MATERIAL SHOWN Start Marker

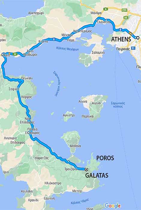 Μόλις φθάσετε στον Πόρο περνάτε απέναντι στο Γαλατά με τις βαρκούλες μέσα σε 5 λεπτά.
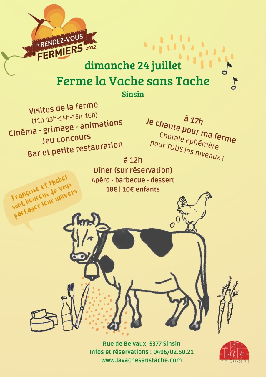*_Dans notre magasin de producteurs "Fermes en vie"_*(Place aux Foires 15 à Marche en Famenne) jeudi: *fermé car ferler * vendredi: *12h-18h30* Samedi: *9h-14h* * * *et en ligne sur la coopérative cocoricoop:* * * *https://eshop.cocoricoop.be/listcat https://eshop.cocoricoop.be/listcat * * https://eshop.cocoricoop.be/listcat**Nous vous y attendons nombreux!* * * *Aussi ce dimanche,* *C'est la fête à _la vache sans tache à SINSIN!_* *dés midi, venez passer une journée* * chez Fanfan et Michèle! Nos collègue de Fermes en vie. * *info en pj! *
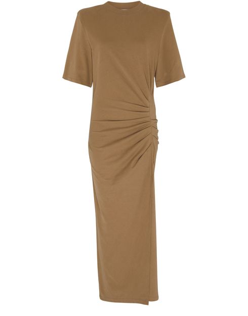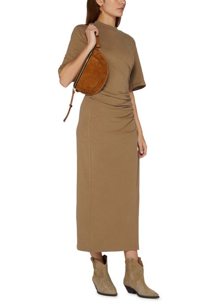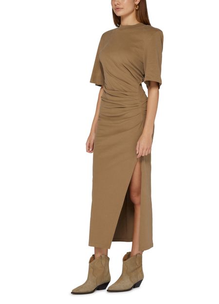 La robe longue Lexia d'Isabel Marant présente une encolure ras du cou et des manches courtes. L'étiquette avec logo à l’arrière ajoute une touche de sophistication à cette robe midi. Le détail drapé apporte une allure élégante et féminine à cette pièce intemporelle.
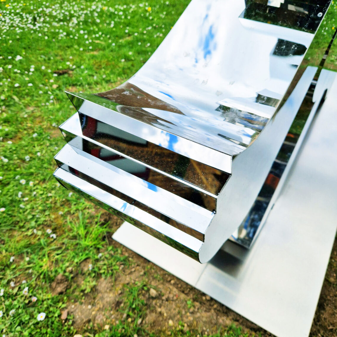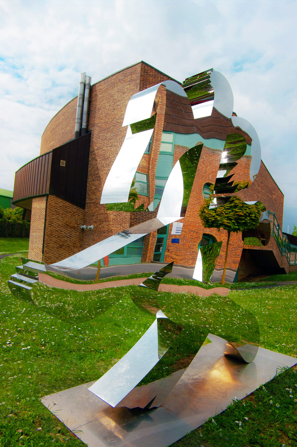 sculpture en inox poli miroir - 230 x 230 x 25 cm
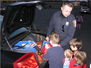 My dorośli wiemy, jak trudno przekazać jest dzieciom taką wiedzę. Jak wspaniałym wykładowcą był Pan Leszek, może świadczyć fakt, że przez ponad godzinę nasze pociechy zainteresowane jego prezentacją, siedziały wpatrzone i wsłuchane. Jedną z wielu atrakcji była „inspekcja” - cała gromadka wyszła na parking gdzie stał samochód policyjny i dokonała jego „oględzin”, czyli została poinstruowana o jego wyposażeniu i do czego ono służy. A już największą niespodzianką było włączenie sygnału i świateł radiowozu.
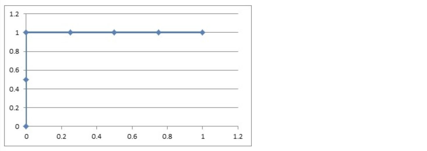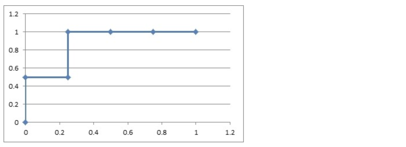 4)再从最大开始取一个点作为正类,取到点2,计算得到TPR=1.0,FPR=0.25;
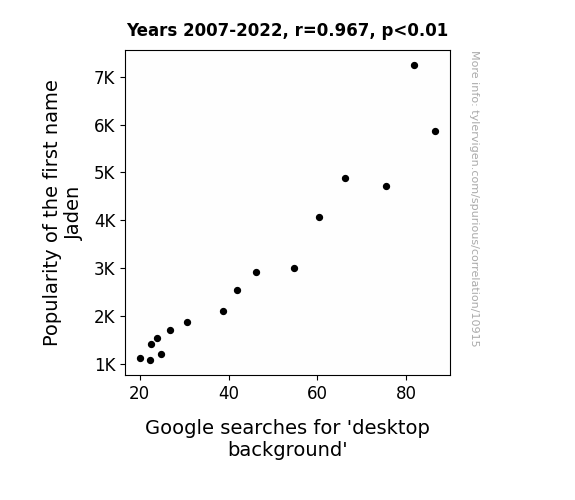 This means 93.5% of the change in the one variable (i.e., Google searches for 'desktop background') is predictable based on the change in the other (i.e., Popularity of the first name Jaden) over the 16 years from 2007 through 2022.
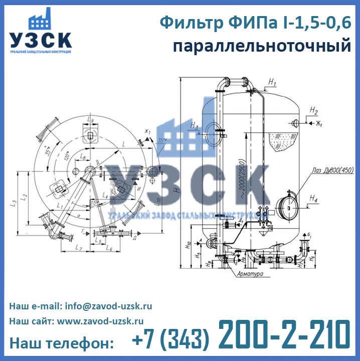 Уральский Завод Стальных Конструкций – ведущий производитель фильтрационного оборудования, осуществляющий изготовление параллельноточных фильтров ФИПаI 1,5-0,6 в соответствии требованиями ГОСТ. Получить консультацию по подбору оборудования, уточнить актуальные цены фильтров ФИПа I 1,5-0,6 в Евпатории и сроки их изготовления, запросить технические характеристики и сертификационные документы Вы можете, связавшись с менеджерами отдела продаж завода УЗСК по координатам, указанным в разделе «Контакты». Если Вы уже определились с выбором и хотите купить фильтр ФИПа I ступени очистки прямо сейчас, заполните форму онлайн заказа размещенную ниже.
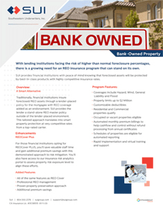 SUI provides financial institutions with peace of mind knowing that foreclosed assets will be protected by best-in-class products with highly competitive insurance rates.
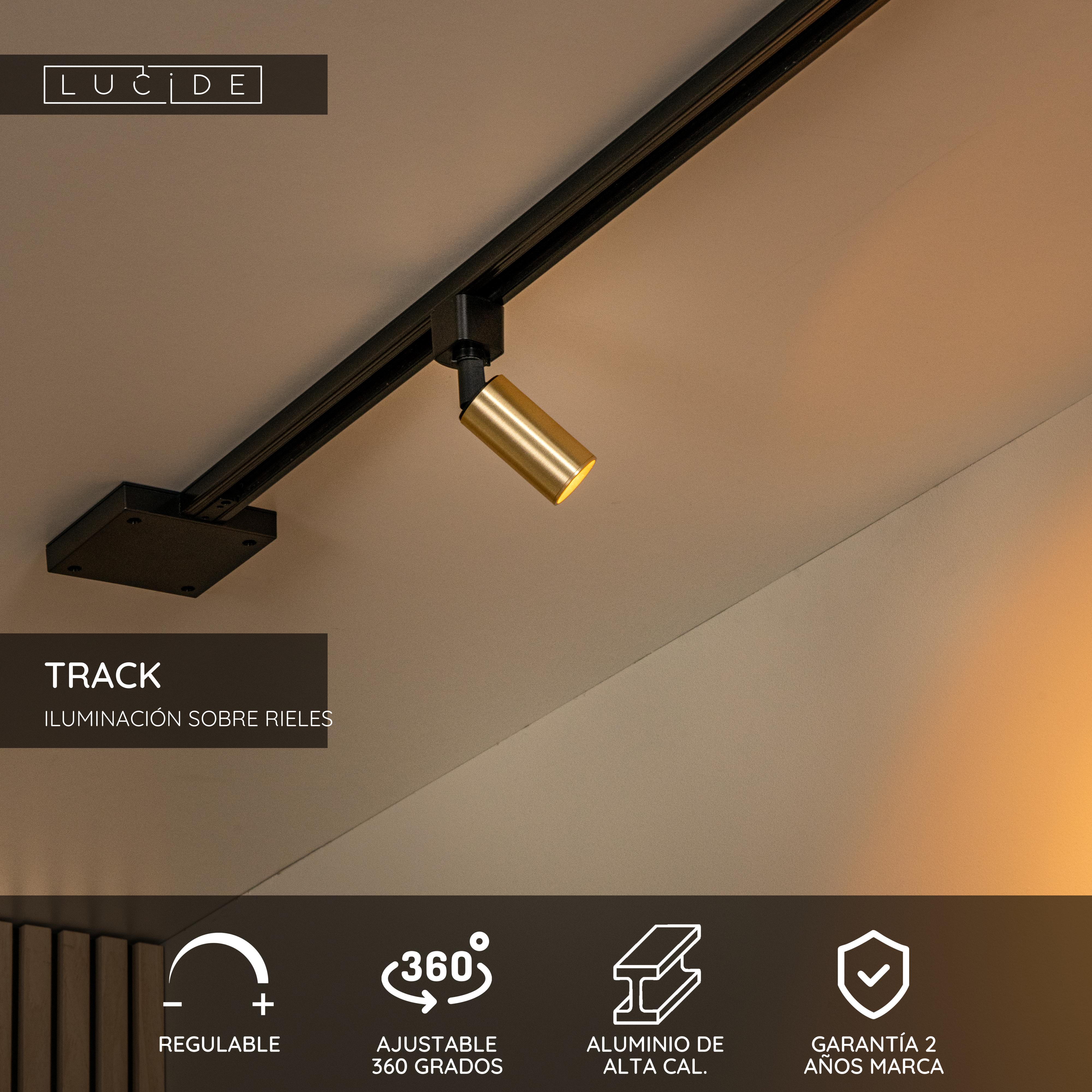 Lucide TRACK RITMO Foco de riel - Sistema de carril monofásico / Iluminación con rieles - 1xGU10/MR11 - Oro mate / Latón (Extensión)

MATERIAL SHOWN End Marker

Every line from the one bearing "SUI provides financial" through the end of the data above must be output exactly, and no picture may appear.

* _YOUR RESPONSE_
 SUI provides financial institutions with peace of mind knowing that foreclosed assets will be protected by best-in-class products with highly competitive insurance rates.
 Lucide TRACK RITMO Foco de riel - Sistema de carril monofásico / Iluminación con rieles - 1xGU10/MR11 - Oro mate / Latón (Extensión)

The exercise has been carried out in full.